北米大陸の国際エネルギー供給構造からの自立化の動きは、隣接する南米大陸における非在来型を含む石油・ガスの開発も促していく可能性が高く、西半球が中東地域を中心とした化石燃料の供給体制から自立していく方向に進んでいくと見込まれる。
この結果、中東地域はエネルギー需要が増大するアジア地域への供給を拡大し、既に中東地域に石油供給を大きく依存するアジアが、中東地域への依存を更に深めていく可能性がある。
このような国際的なエネルギー供給構造の変化は、天然ガスなどを中心に世界の需要構造にも大きな影響を与えることが見込まれ、国際エネルギー需給構造は大きく変化していく可能性がある。
国際エネルギー市場の重心がアジアにシフトしていく中でも、特に台頭する中国の影響力が大きく拡大している。国際政治・経済・エネルギー市場の中で高まる中国の影響力・存在感を踏まえつつ、その中国とどう向き合い、国際的な秩序をいかに形成していくかはわが国のみならず今後の世界全体の課題となる。

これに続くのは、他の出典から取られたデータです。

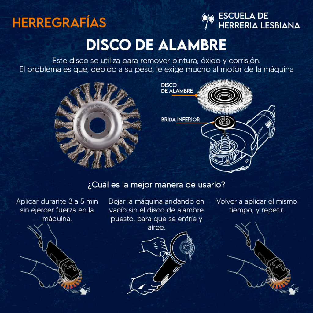 Discos de alambre: estos discos son una buena opción si buscás mayor durabilidad del disco, ya que se gastan más lentamente que los discos de fibra. Sin embargo, como son pesados, exigen más esfuerzo al motor de la máquina. Recomendamos utilizarlos durante entre 3 y 5 minutos, retirar el disco y dejar la máquina en funcionamiento sin el disco de alambre para que se enfríe y airee, y luego volver a aplicar el mismo tiempo.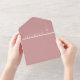 This all-in-one minimalist wedding invitation features modern typography on a dusty rose background. The invitation includes a perforated RSVP card with your wedding website QR code. Designed by Thisisnotme©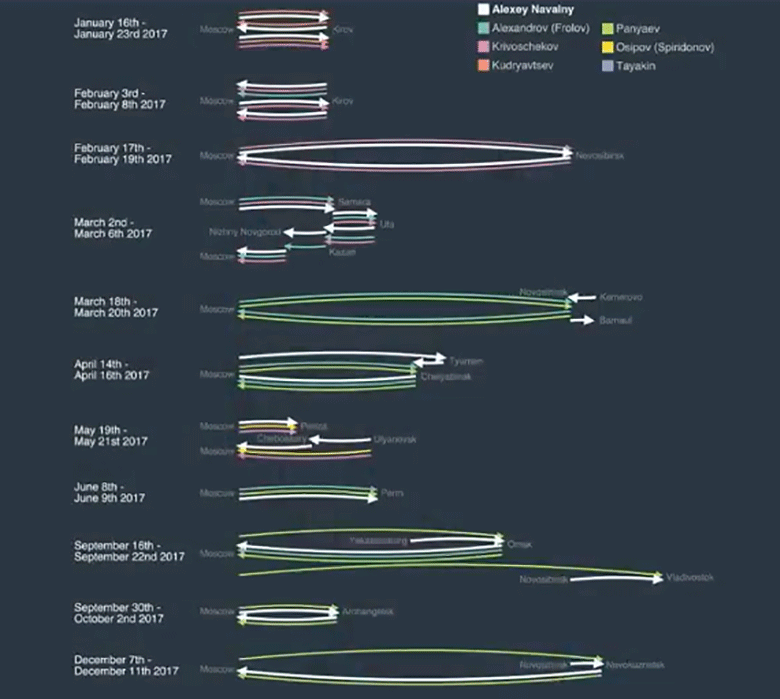 Затем следователи изучали несколько других ниточек, в том числе подробно проверяли личности всех, с кем разговаривал по телефону руководитель научного центра «Сигнал», где разрабатываются вещества. Оказалось, что 6 июля 2020 года он очень плотно общался с разными сотрудниками ФСБ, которые раньше не попадали в поле зрения Bellingcat. Если раньше руководитель «Сигнала» общался с ФСБ раз в месяц, то теперь за один день состоялось 15-20 звонков.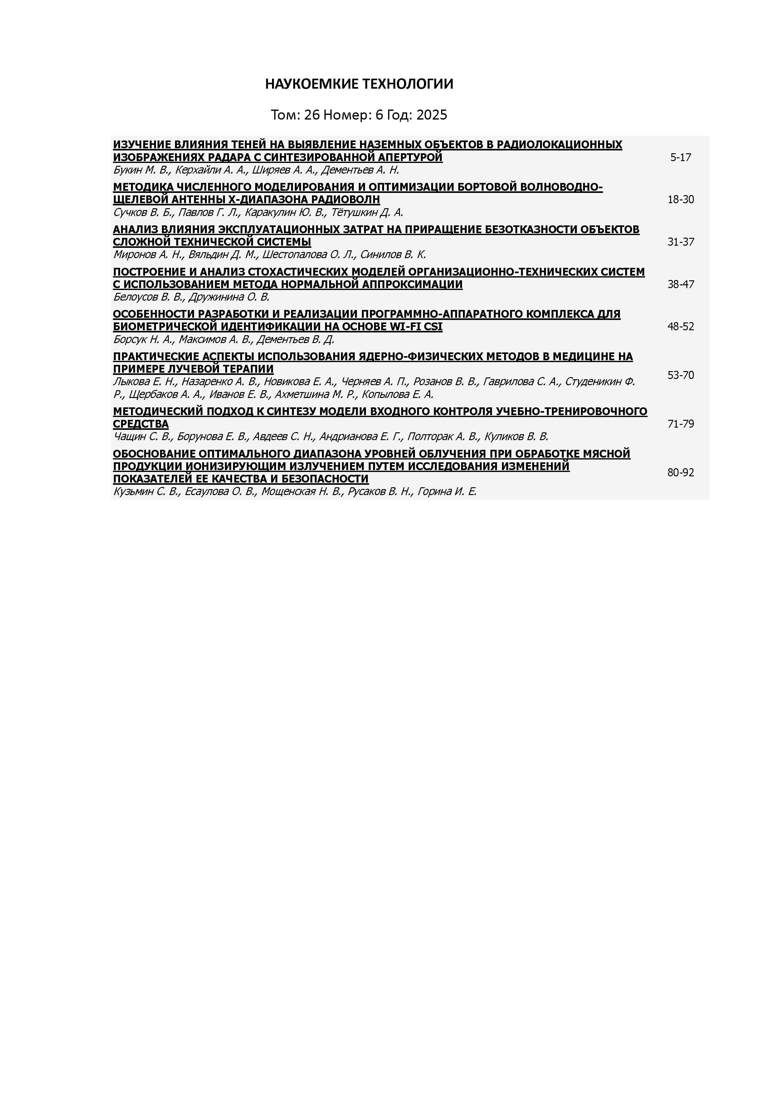 Наукоемкие технологии 2025 т. 26 № 6 |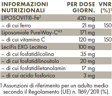 Ferro bisglicinato liposomiale (LIPOSOVIT®-Fe), vitamina C (PureWay-C® liposomiale), agente di rivestimento:idrossipropilmetilcellulosa (HPMC); complesso fosfolipidico in polvere LeciFis EXG.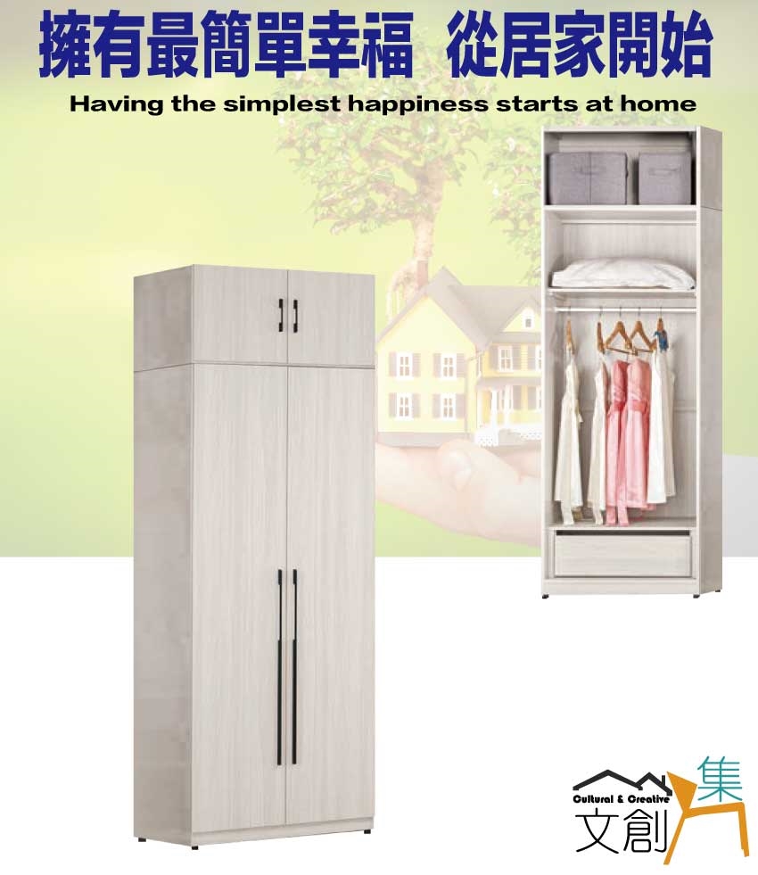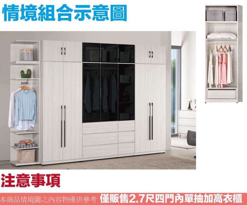 - ◆產品名稱:【綠家居】朵利2.7尺四門內單抽加高衣櫃組合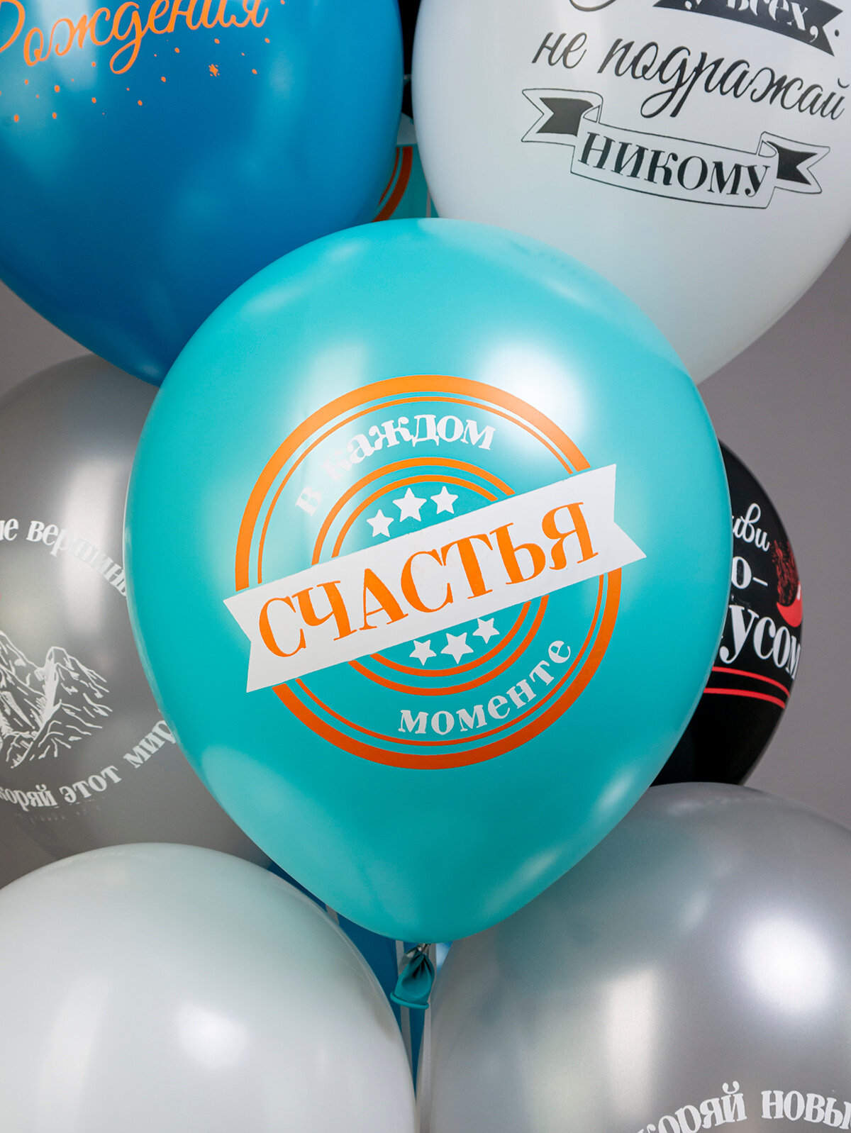 Купить Воздушные шары для мужчины на день рождения "Живи со вкусом" 30 см набор 10 штук 5 дизайнов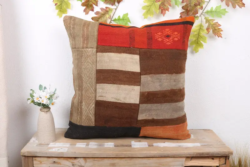 Almohada de tiro patchwork marrón y naranja, cojín bordado 22x22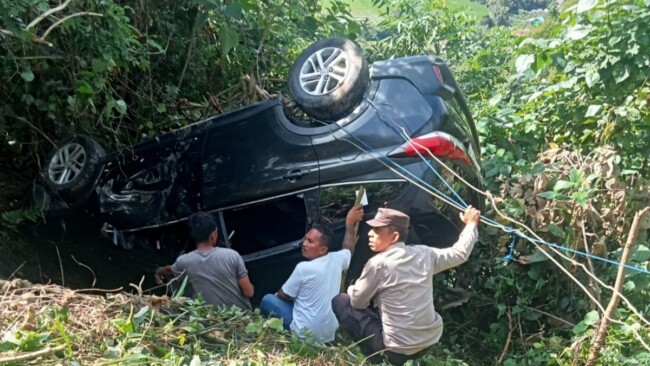 Kendaraan tersebut terperosok ke jurang setelah gagal menanjak di ruas jalan yang dilaporkan rusak parah.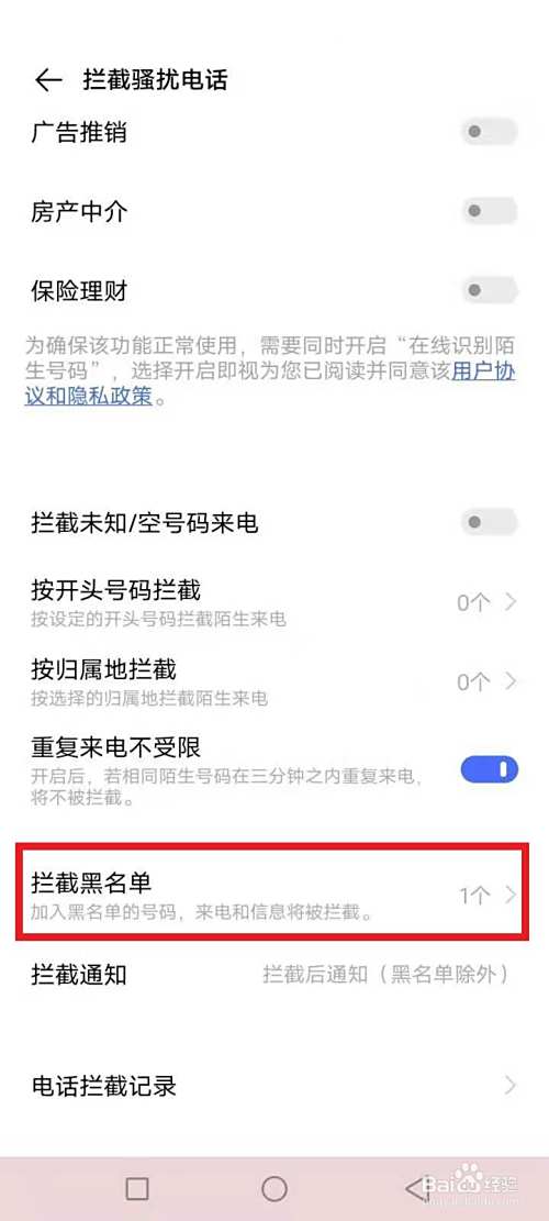 点击拦截黑名单,包括设置来电和信息被拦截的号码。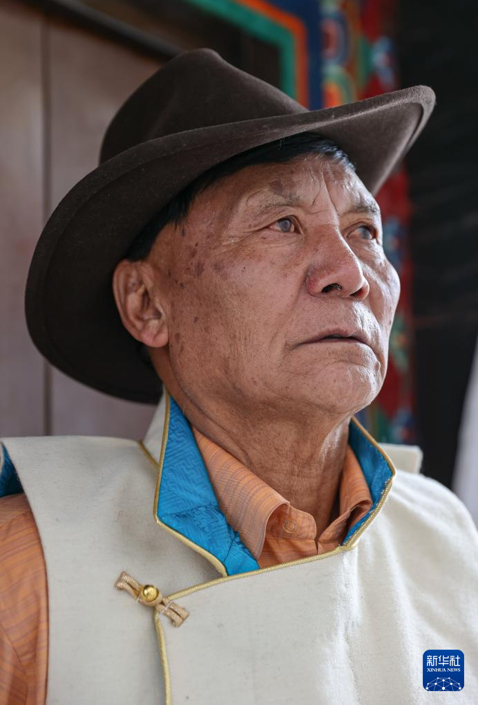 2024年3月28日 普次仁換上藏裝,準備前往西藏百萬農(nóng)奴解放紀念館義務講解(3月23日攝)。新華社記者 丁汀 攝
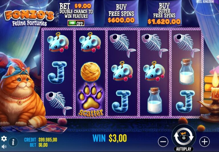 Fonzo’s Feline Fortunes van Pragmatic Play is een kleurrijke videoslot met een charmant kattenthema. De speelse animaties en unieke personages brengen de rollen echt tot leven. Deze 5×3 slot biedt een hoge volatiliteit en een RTP van 96,50%, wat betekent dat winsten misschien minder frequent zijn, maar wel aanzienlijk kunnen oplopen.
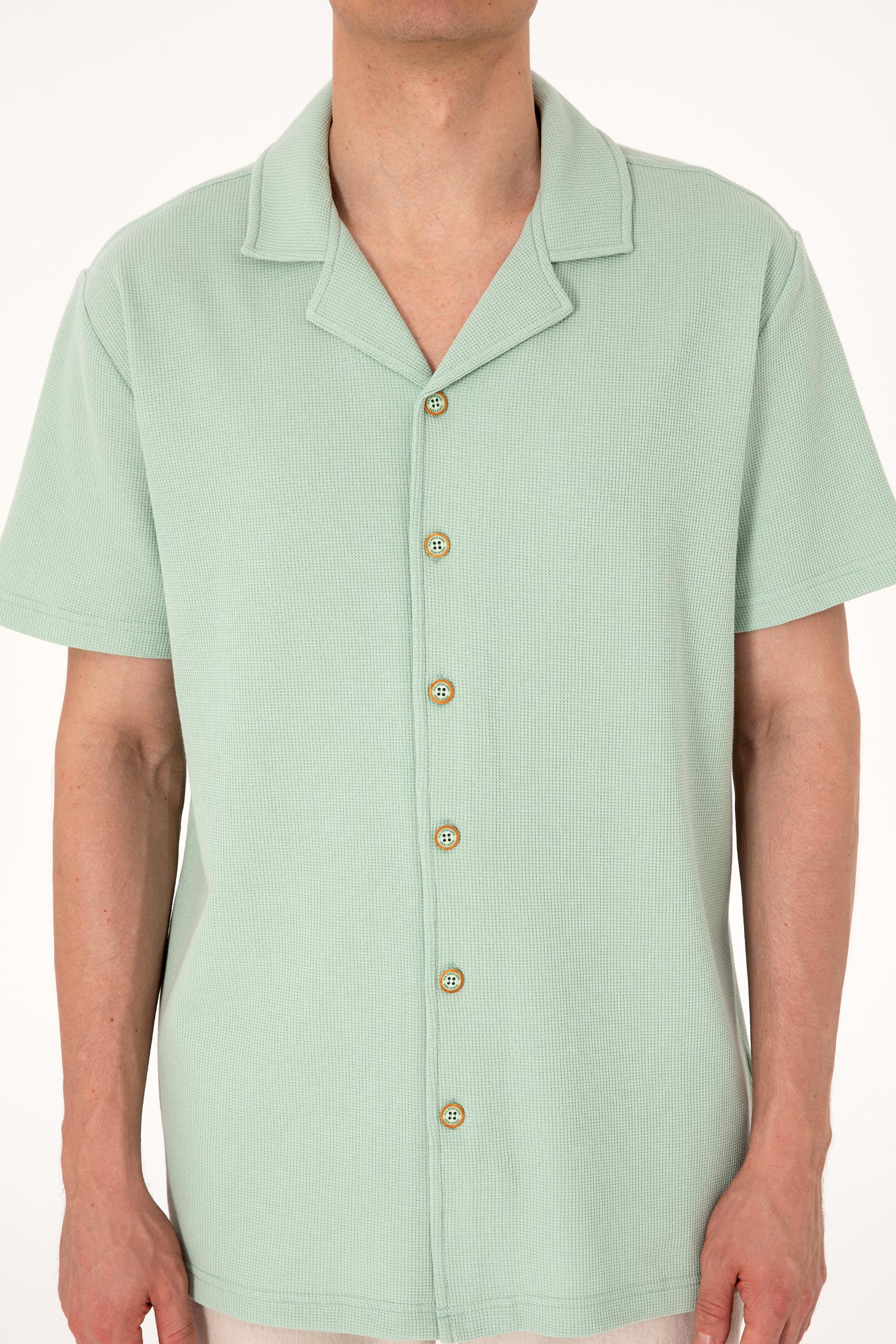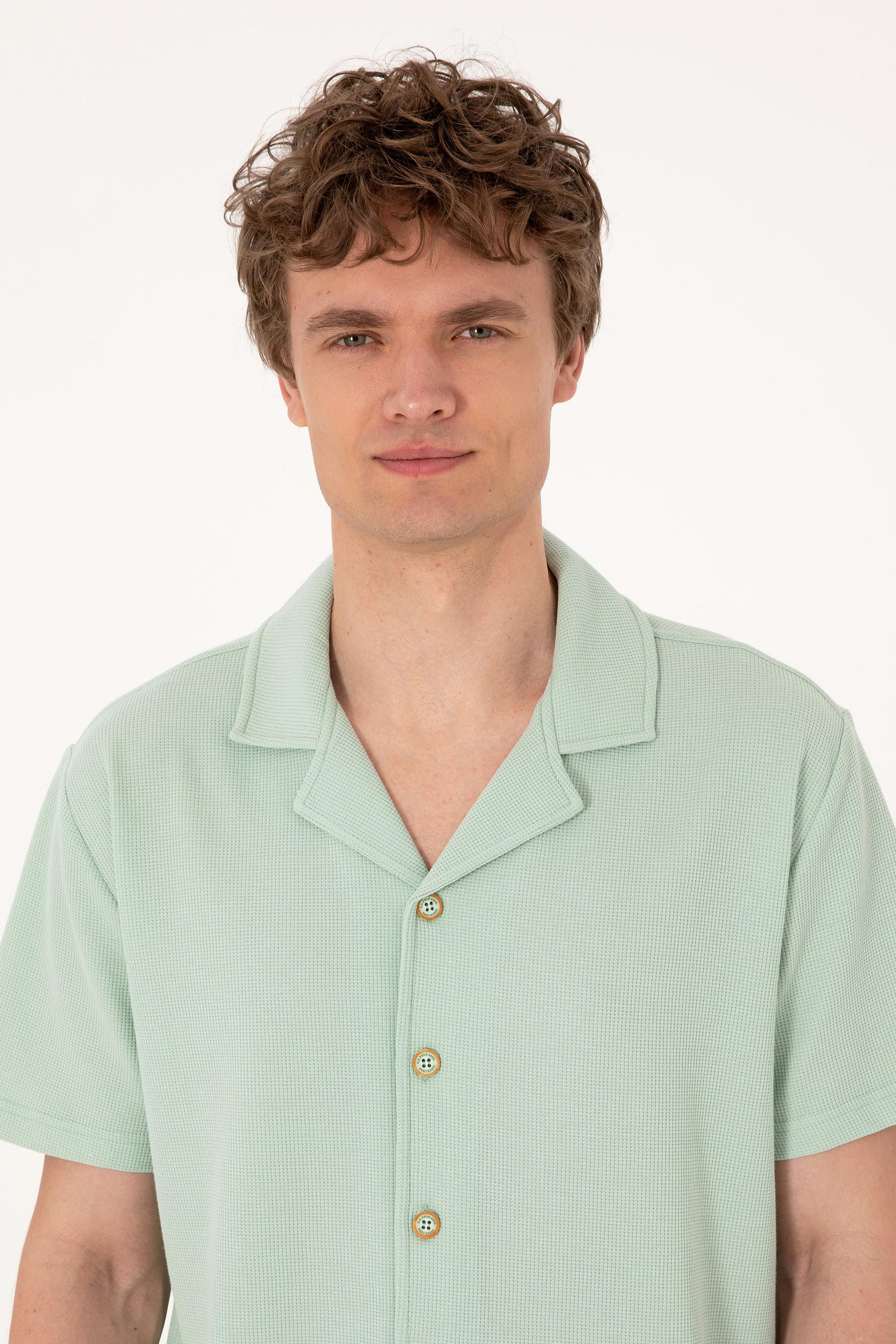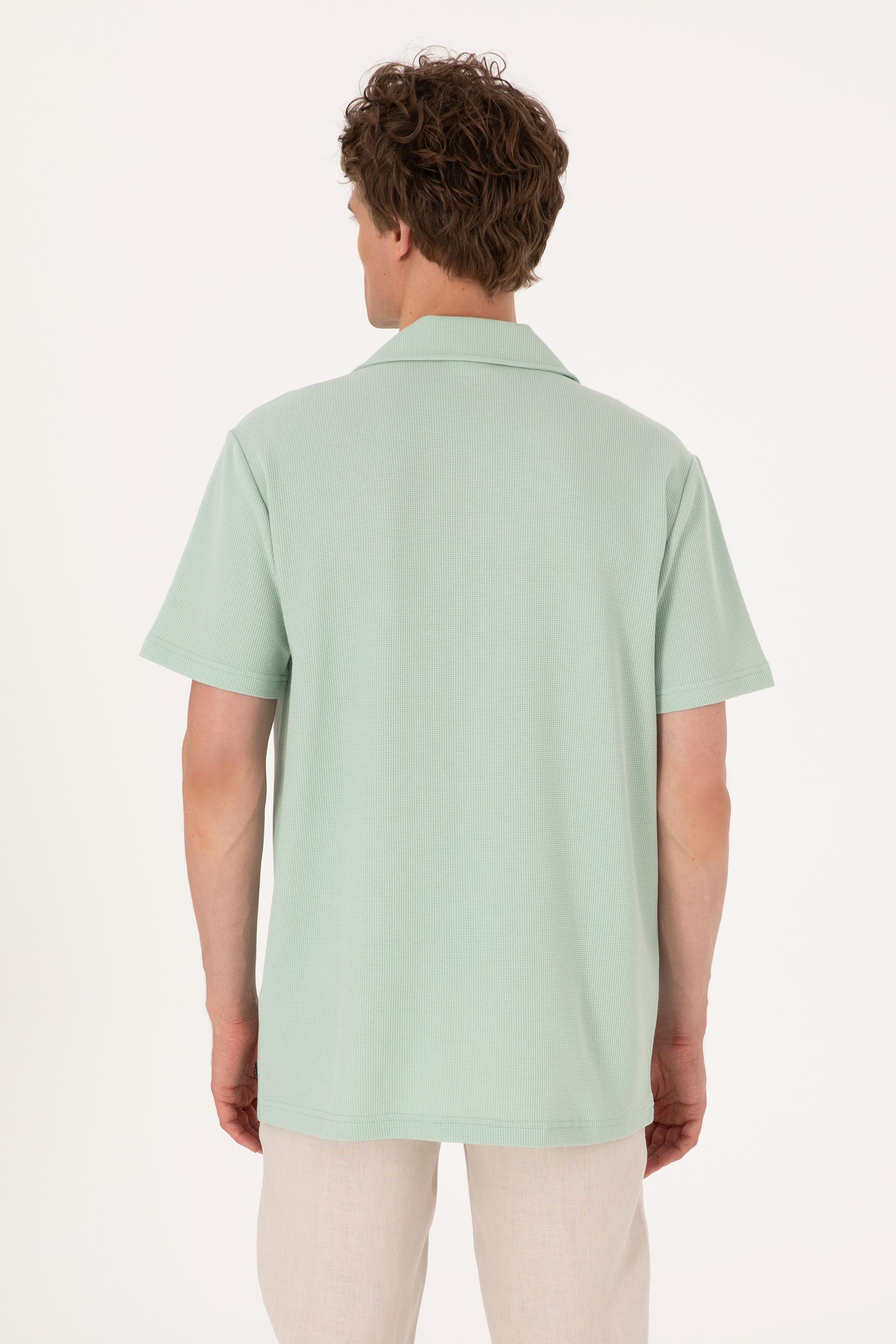 Erkek Su Yeşili Apaş Yaka Kısa Kollu Örme Gömlek

わが国としては、アジアのLNG高価格問題や環境問題など、共通課題の解決に向け
ては、適切な協調関係を保つことも検討する必要がある。

10.新興国を中心とした世界的な原子力の導入拡大

急激なエネルギー需要の伸びと、中東・北アフリカ地域の不安定化は、中東の化石燃料への依存を深めているアジアを中心とした地域で、エネルギー安全保障の観点から、化石燃料を補完する有力なエネルギー源として、原子力の利用を拡大しようとする動きを加速させる方向に作用している。
新興国における原子力の導入は、今後拡大していく可能性が高く、日本の近隣諸国でも原子力発電所の多数の新増設計画が進められている。
一方、原子力の平和・安全利用、不拡散問題、核セキュリティへの対応は、エネルギー需給構造の安定化だけでなく、世界の安全保障の観点から、引き続き重要な課題である。
新たに原子力を利活用する国が増大していくことが見込まれる中、原子力の国際的な利活用を管理してきた国際原子力機関(IAEA)等の国際機関や原子力利用の主要国の役割は、今後さらに重要性を増していくことになり、原子力をめぐる議論は、一国に閉じた議論では十分に対応できるものではなくなり、より国際的な観点で取組を進めていかなければならない課題となっている。